The GO identifier for MAP kinase activity is GO:0004707. In our query, we will use go_id as the filter and entrezgene_id and hgnc_symbol as the attributes. This is the query:
> getBM(attributes = c('entrezgene_id','hgnc_symbol'), filters = 'go', values = 'GO:0004707', mart = ensembl) entrezgene_id hgnc_symbol 1 225689 MAPK15 2 5596 MAPK4 3 5599 MAPK8 4 5594 MAPK1 5 51701 NLK 6 6300 MAPK12 7 5600 MAPK11 8 5595 MAPK3 9 5602 MAPK10 10 1432 MAPK14 11 5603 MAPK13 12 5597 MAPK6 13 5598 MAPK7 14 5601 MAPK9
6.7 given a set of EntrezGene identifiers, 100 bp upstream promoter sequence was retrieved
All sequence related queries to Ensembl can be obtained through the getSequence() wrapper function. getBM() can also be used directly to retrieve sequences, but this may become complex, so getSequence() is provided as a general function suitable for most cases.
You can use the getSequence() function to retrieve the sequence from the chromosome coordinates or identifiers.
The chromosome name can be specified using the chromosome parameter. The start and end parameters are used to specify the start and end positions on the chromosome. The returned sequence type can be specified by the seqType parameter, which takes the following values:
- Peptide of protein sequence
- 3utr represents the 3 'UTR sequence
- 5utr represents 5 'UTR sequence
- gene_exon indicates only for exon sequences
- transcript_exon indicates an exon sequence that is specific to the transcript only
- ranscript_exon_intron indicates that a complete non spliced transcript is given, i.e. exon + intron
- gene_exon_intron gives the exon + intron of the gene
- Coding only gives the coding sequence
- Coding_script_frank gives the flanking region of transcripts including UTR, which must be accompanied by a given upstream or downstream attribute value
- Coding_gene_frank gives the flanking region of genes including UTR, which must be accompanied by a given upstream or downstream attribute value
- Script_frank gives the flanking region of transcripts excluding UTR, which must be accompanied by the given value of upstream or downstream attributes
- Gene_frank gives the flanking region of genes that do not include UTR, which must be accompanied by a given upstream or downstream attribute value
This task requires us to retrieve 100 bp upstream promoter sequence from a set of EntrezGene identifiers.

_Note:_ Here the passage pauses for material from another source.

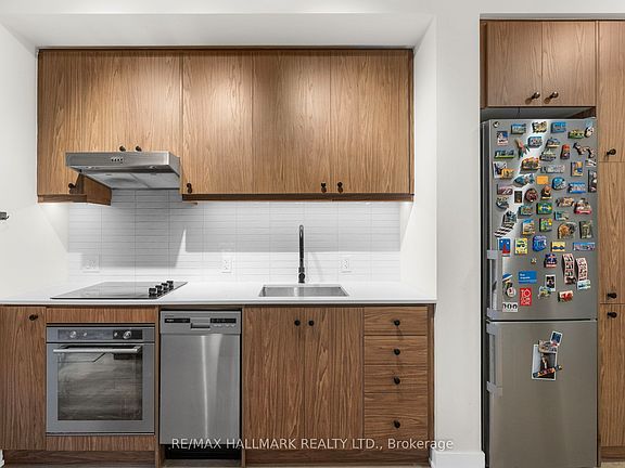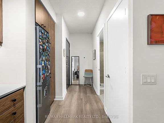 Welcome to Unit 207 at 9 Tecumseth Street - an elevated downtown residence offering refined, contemporary city living. This thoughtfully designed 2-bedroom, 1-bath suite features 709 sq ft of elegant interior space, complemented by a rare 300 sq ft wrap-around balcony that seamlessly extends the living area outdoors-ideal for relaxing, entertaining, or enjoying the city year-round. Floor-to-ceiling windows fill the home with natural light, highlighting wide-plank flooring and a sleek, modern kitchen complete with integrated appliances, quartz countertops, and laminate cabinetry featuring a warm, natural wood grain finish. The open-concept layout balances style and functionality, while the spa-inspired bathroom, in-suite laundry, and well-proportioned bedrooms complete the offering. Meticulously maintained and less than a year old, this suite is move-in ready and suited for discerning end-users or investors alike. Set within a well-managed building featuring premium amenities, this location elevates everyday living. Step outside for immediate access to daily conveniences, including Farm Boy, Dollarama, Stackt Mkt, and an array of cafés and local shops. Enjoy seamless connectivity with Bathurst and King Street transit just minutes away, while the waterfront, scenic trails, and green spaces are close at hand. Surrounded by the energy of King West's renowned dining, nightlife, and cultural scene, this home offers the perfect balance of urban vibrancy and lifestyle ease. This is downtown living-refined, connected, and effortlessly elevated. *Current Tenants are in agreement to vacate prior to closing*

The type parameter in getsequence () can be considered a filter in this query and uses the same input name given by listFilters(). In our query, we use entrezgene_id as a type parameter. Next, we must specify the type of sequence we want to retrieve. Here, we are interested in the sequence of the promoter region, starting next to the coding of the gene. Set seqType to coding_ gene_ Frank will provide what we need. The upstream parameter is used to specify how many bp upstream sequences we want to retrieve. Here, we will retrieve a fairly short 100 bp sequence. All of these are given in getSequence():
> entrez=c("673","7157","837") > getSequence(id = entrez, + type="entrezgene_id", + seqType="coding_gene_flank", + upstream=100, + mart=ensembl) ## coding_gene_flank ## 1 TCCTTCTCTGCAGGCCCAGGTGACCCAGGGTTGGAAGTGTCTCATGCTGGATCCCCACTTTTCCTCTTGCAGCAGCCAGACTGCCTTCCGGGTCACTGCC ## 2 CCTCCGCCTCCGCCTCCGCCTCCGCCTCCCCCAGCTCTCCGCCTCCCTTCCCCCTCCCCGCCCGACAGCGGCCGCTCGGGCCCCGGCTCTCGGTTATAAG ## 3 CACGTTTCCGCCCTTTGCAATAAGGAAATACATAGTTTACTTTCATTTTTGACTCTGAGGCTCTTTCCAACGCTGTAAAAAAGGACAGAGGCTGTTCCCT ## entrezgene_id ## 1 7157 ## 2 673 ## 3 837 Error in .processResults(postRes, mart = mart, hostURLsep = sep, fullXmlQuery = fullXmlQuery, : Query ERROR: caught BioMart::Exception::Usage: Filter upstream_flank NOT FOUND
It should also be noted that although we search for genes based on NCBI gene ID, Ensembl BioMart does not allow direct return of some ID types (including NCBI ID). In order to try and adapt to this biomaRt, try to map the query ID to the Ensembl gene ID internally before finding the sequence information. If no such mapping exists (or at least not found in Ensembl), no sequence is returned for the affected ID.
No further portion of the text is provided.